Scalable formats for storing and exchanging genetic variation data
Approved Research ID: 57353
Approval date: October 7th 2020
Comparing the genome sequences of humans is one of the primary ways in which researchers discover genes that are involved in disease and traits. The current approaches for storing and exchanging genetic variation information for human samples were designed almost ten years ago for small project-sizes such as the 1000 Genomes Project. As part of that effort, the VCF format has become the de-facto standard and has served the community well. In recent years, however, the limitations of these formats become apparent as research projects grow and the VCF format is being used to store data from large studies involving the genetic data from tens of thousands of individuals. As designed, the VCF format file will become impossibly large to handle when the number of individuals involved nears 1 million.
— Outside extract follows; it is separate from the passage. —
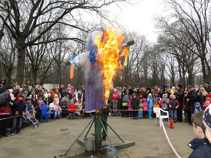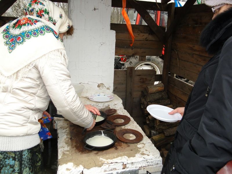 На площади парка развернулись столы с угощениями. Несколько сортов блинов с разными начинками, мед, варенье и сладости. Всех желающих угостили горячими блинами. Для этого в парке топили русскую печь и выпекали главное блюдо праздника. Кульминацией «Широкой Масленицы» стало сжигание чучела. Этот старинный обряд символизирует прощание с зимой и скорый приход весны.

To resolve this, an update to the VCF format needs to be developed. As members of the Global Alliance for Genomics and Health (GA4GH) consortium, we have developed several candidate updates but are currently lacking a single data-set which all parties involved have access to test our proposals. For the new format to become a standard, different researchers, from many different institutions around the world need to be able to see how it performs on the same data. The UK BioBank is the largest project to date that can provide the amount and type of data that is required for this experiment. We will use the UK Biobank data as a single resource, agreed upon by the different researchers to develop a data format that can be agreed upon by the entire global community. The new standard will unlock the potential to create and study even larger cohorts and empower scientists to make discoveries from large cohorts at a truly global scale.